- 6 years ago
We just got back from our honeymoon in Paris and I had a wonderful time for the most part. However, I am having some trust issues and not sure how to handle this moving forward as it is putting a wedge between H and I.
On the honeymoon, we had to wake up early and he set his alarm on his phone. It went off and I was half asleep and kept hitting buttons (close, open, whatever) and realized I had opened his message history. I never check up on him and didn’t think anything of it except I saw he messaged one of his female (married) friends when we touched down in Paris saying “we arrived safely!”. He also messaged his friend Dana (also married), along with the guy who is watching our dog. Not his mom, family, whatever…so this got my eyebrows up a bit.
When he was in the shower, I snooped. yes, I snooped. I told him I did it. I opened up the message history between the one female friend and him. Nothing too flirty, but there were some questionable flattery such as “Your new wife is SOOOOOOO lucky to have you” etc etc.
My blood boiled. This basically ruined my whole day and night because I didnt want to talk about it on my honeymoon.
I asked him in passing during the day if he had told anyone yet we touched down in Paris. he said Nope, no one. He noticed I was quiet, and so, after much dancing, we discussed the messages.He claims he “forgot” that he messaged three people, including the friendly married female friend.
He was very emphatic that he didnt see anything wrong with the messages and that he doesn’t think she is like that and that her and her H are solid, and I am reading into it. Also, he would never do that, yadayada.
I discuss boundaries and I guess when I started getting serious with him, I dropped my guy friends. My H is my best friend, and while professionally, I have male contacts its not like I go out for beers with them or hang out, etc.

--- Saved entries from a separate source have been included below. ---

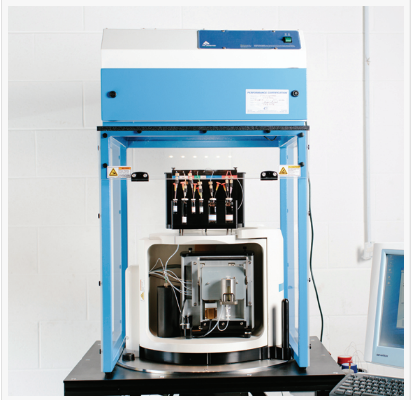
Best Chemistry Module

based in North America producing cyclotrons of varying energies, ranging from 1 MeV to 400 MeV, to hospitals, industry and academic/research centers including for Medical Diagnostic and Therapeutic Applications. TBG's cyclotrons have been installed in thirty sites globally and continue to save lives, by producing radiopharmaceuticals for patients and research.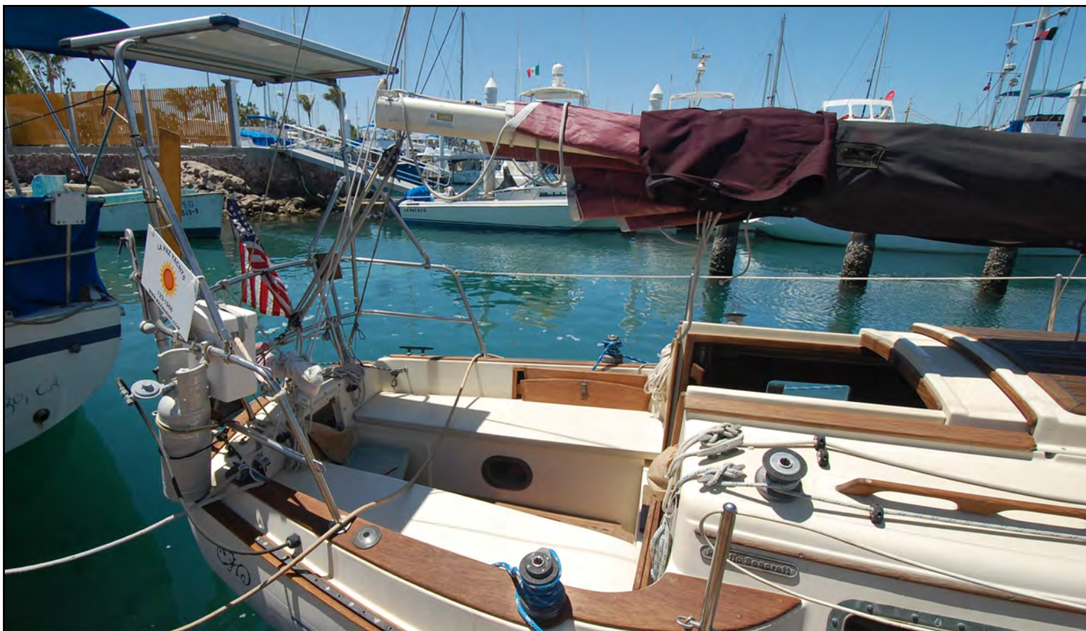
Well equipped with a wind vane, propane stove, and solar panel, s/y DULCINEA recently got a new owner.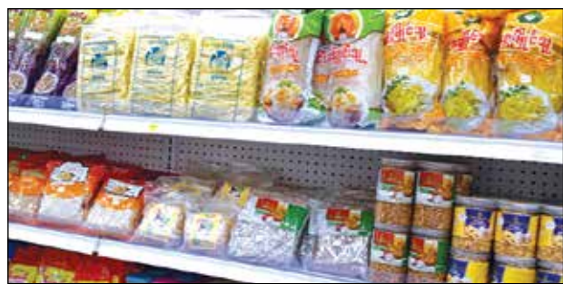
Rangoon Grocery Store's product offerings reflect the cultural heritage of the largest city in Myanmar, serving Asian groceries, noodles and popular snacks to the local neighborhood.

The Rangoon Grocery at 7601 Sunrise Boulevard in Citrus Heights is open daily, Monday through Sunday from 9 am to 8 pm. Call 916-910-9994 for more information. ★

My H maintains his relationships with both female and males, but the bulk are his former female bosses or coworkers, a few gay friends/former roommates, and he has 1 or 2 close guy friends. There have been some issues with this before, all discussed. But I am not feeling comfortable. I still wonder, why message her…then lie about it? Why the flattery on her end? We have hung out with them…now, she is very nice and her H is too…they have 2 little kids and she gushes about how happy my H seems now…yadayada…
H offered if i dont want to hang out again as a couple we don’t have to. I don’t know what t osay to that. Also, today he connected with another girl on FB…
I asked who it was-he said it is a highschool friend and he “forgot” he sent the request months ago I guess and she accepted just now. I asked if you were close. he said no. So who bother?I said to him this is the second time he has “forgot” something like this recently, and its bugging me. he got defensive (obviously) and said “If you have an accusation, just say it”.
I left the room. I am mad, hurt, confused, not sure how to handle this. I don’t mind him having female acquaintances…they are married, its not like he is hanging out with single hot chicks…but I am not comfortable.
I don’t have guy friends. I have some FB friends that are contacts, but its just that. I don’t get my H together with my guy contacts and their wives…
I don’t expect him to not look, or chat. I guess I am lost in my emotions right now, not sure of what to say to him next, where to go with this, or how to handle it. So far I don’t think I have been doing a great job, and my back is completely up with him now.